Copy each entry below exactly. No images.
** Opening SUPPLIED DATA block **
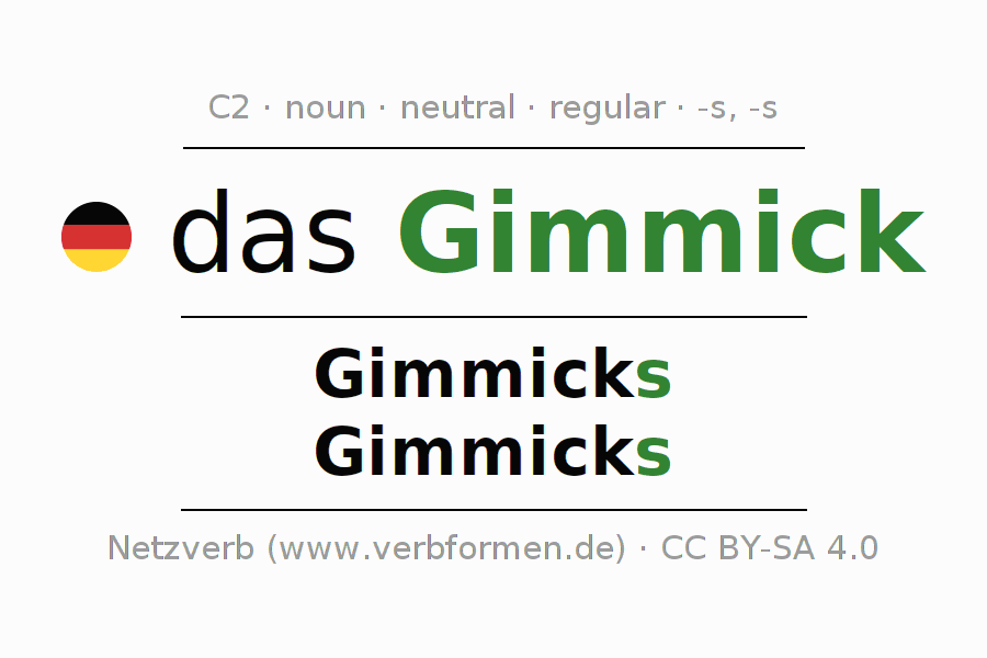 - Singular: das Gimmick, des Gimmicks, dem Gimmick, das Gimmick
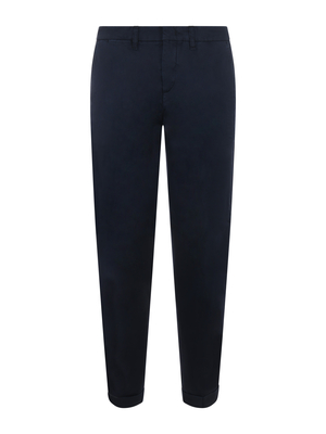 Pantaloni Fay in gabardina stretch Blu scuro. Tasche america. Tasche posteriori a filo con bottone. Gamba dritta. Risvolto cucito al fondo. Chiusura con zip e gancio. Misura in fote 3497% cotone, 3% elastene
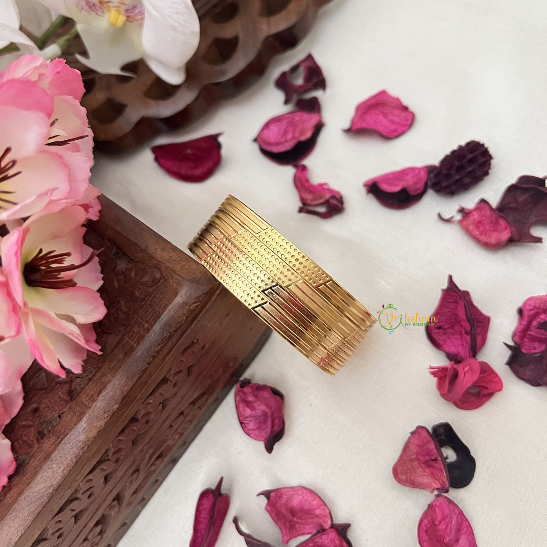 Elevate your everyday look with our Designer Gold Look Alike Thick Daily Wear Bangles! These bangles feature a stunning designer look with a thick, durable build that's perfect for daily wear. Add a touch of elegance and style to any outfit, and confidently take on the day with these beautiful bangles!
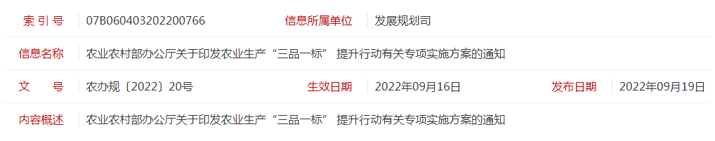 標題:農業(yè)農村部辦公廳關于印發(fā)農業(yè)生產“三品一標” 提升行動有關專項實施方案的通知
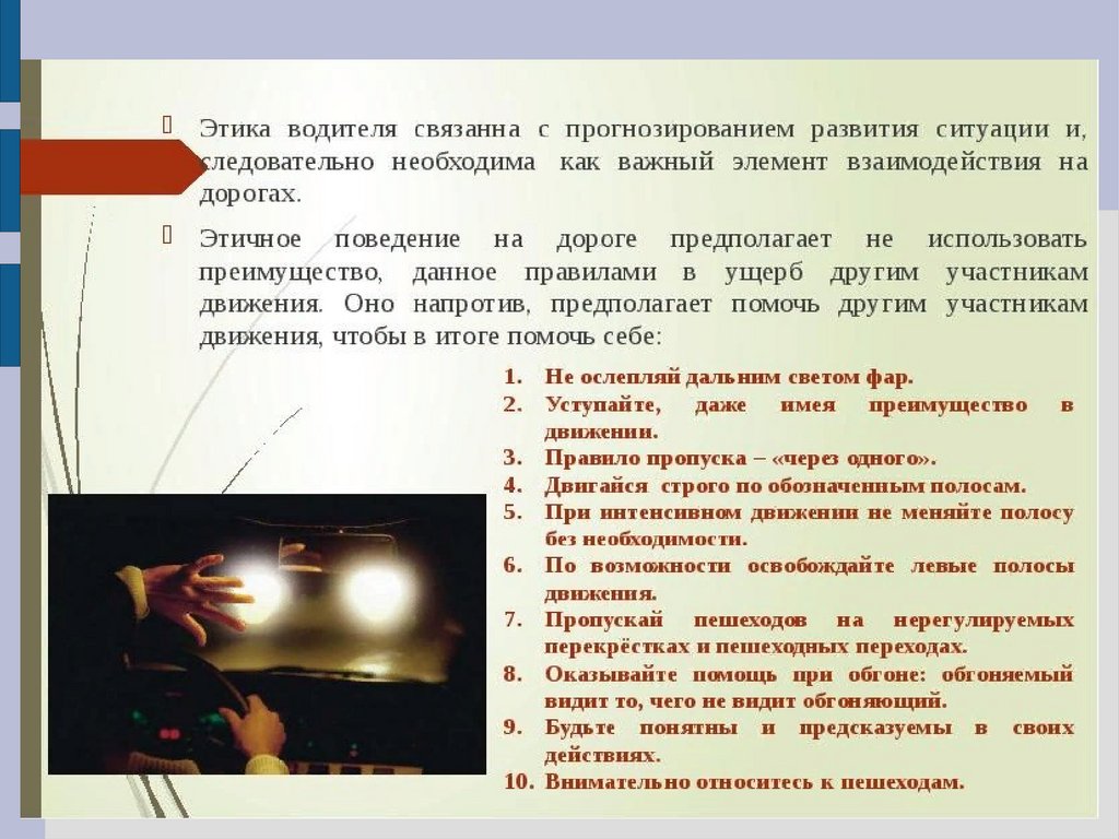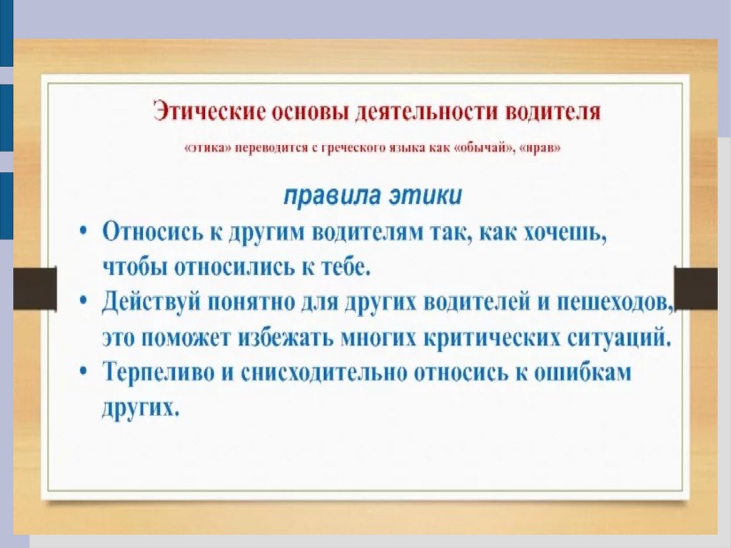 Этические основы деятельности водителя
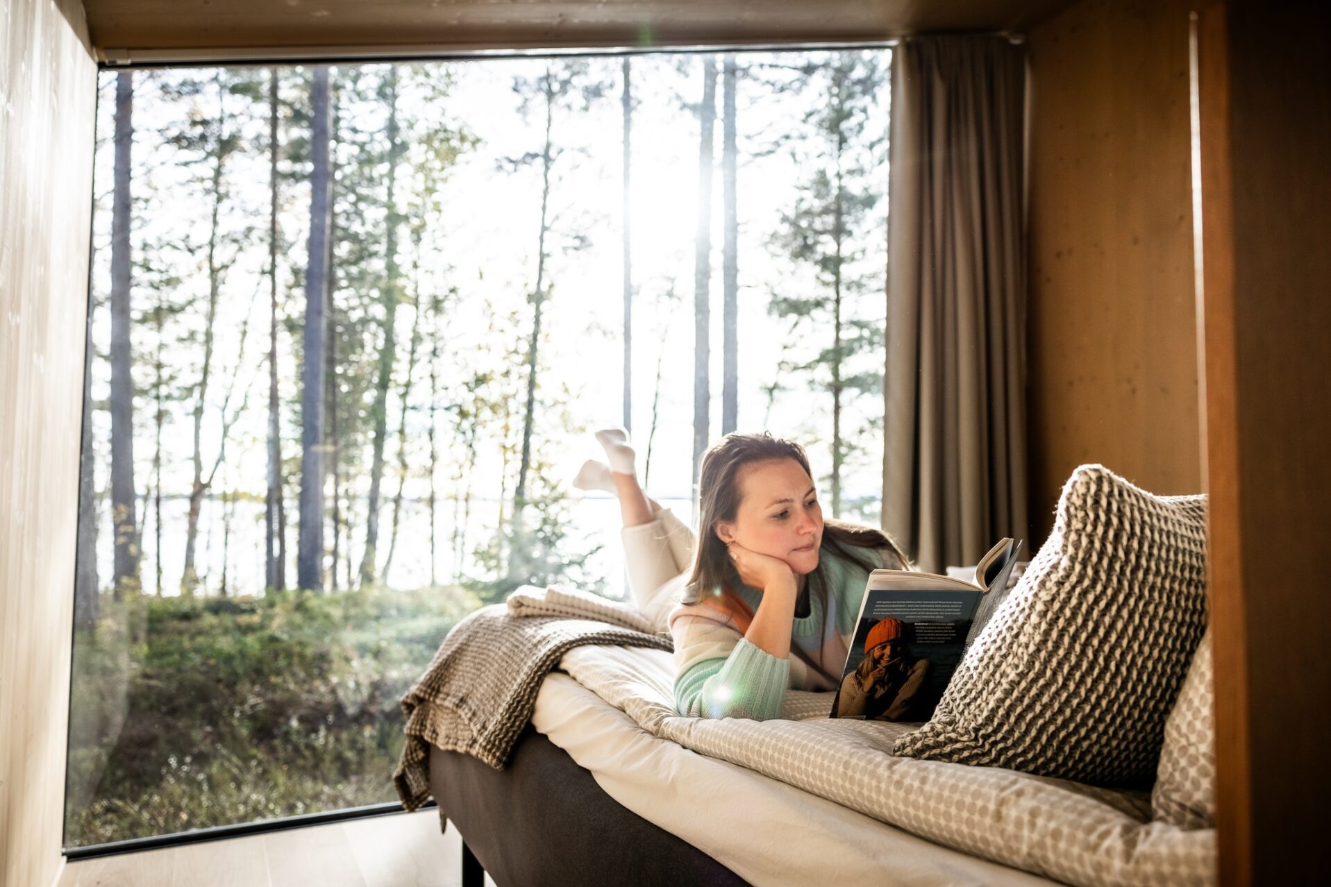 Aus den raumhohen Fenstern der neun identischen, mit hochwertigen Materialien ausgestatteten Villen eröffnet sich ein herrlicher Blick auf den Oravi-Kanal, den klaren Saimaa-See und den Nationalpark Linnansaari. Die hellen und geräumigen Ferienhäuser sind die perfekte Wahl für Reisende, die Qualität und Naturverbundenheit gleichermaßen schätzen.
** Closing SUPPLIED DATA block **
#### ANSWER TO THE EXERCISE:
 - Singular: das Gimmick, des Gimmicks, dem Gimmick, das Gimmick
 Pantaloni Fay in gabardina stretch Blu scuro. Tasche america. Tasche posteriori a filo con bottone. Gamba dritta. Risvolto cucito al fondo. Chiusura con zip e gancio. Misura in fote 3497% cotone, 3% elastene
 Elevate your everyday look with our Designer Gold Look Alike Thick Daily Wear Bangles! These bangles feature a stunning designer look with a thick, durable build that's perfect for daily wear. Add a touch of elegance and style to any outfit, and confidently take on the day with these beautiful bangles!
 標題:農業(yè)農村部辦公廳關于印發(fā)農業(yè)生產“三品一標” 提升行動有關專項實施方案的通知
 Этические основы деятельности водителя
 Aus den raumhohen Fenstern der neun identischen, mit hochwertigen Materialien ausgestatteten Villen eröffnet sich ein herrlicher Blick auf den Oravi-Kanal, den klaren Saimaa-See und den Nationalpark Linnansaari. Die hellen und geräumigen Ferienhäuser sind die perfekte Wahl für Reisende, die Qualität und Naturverbundenheit gleichermaßen schätzen.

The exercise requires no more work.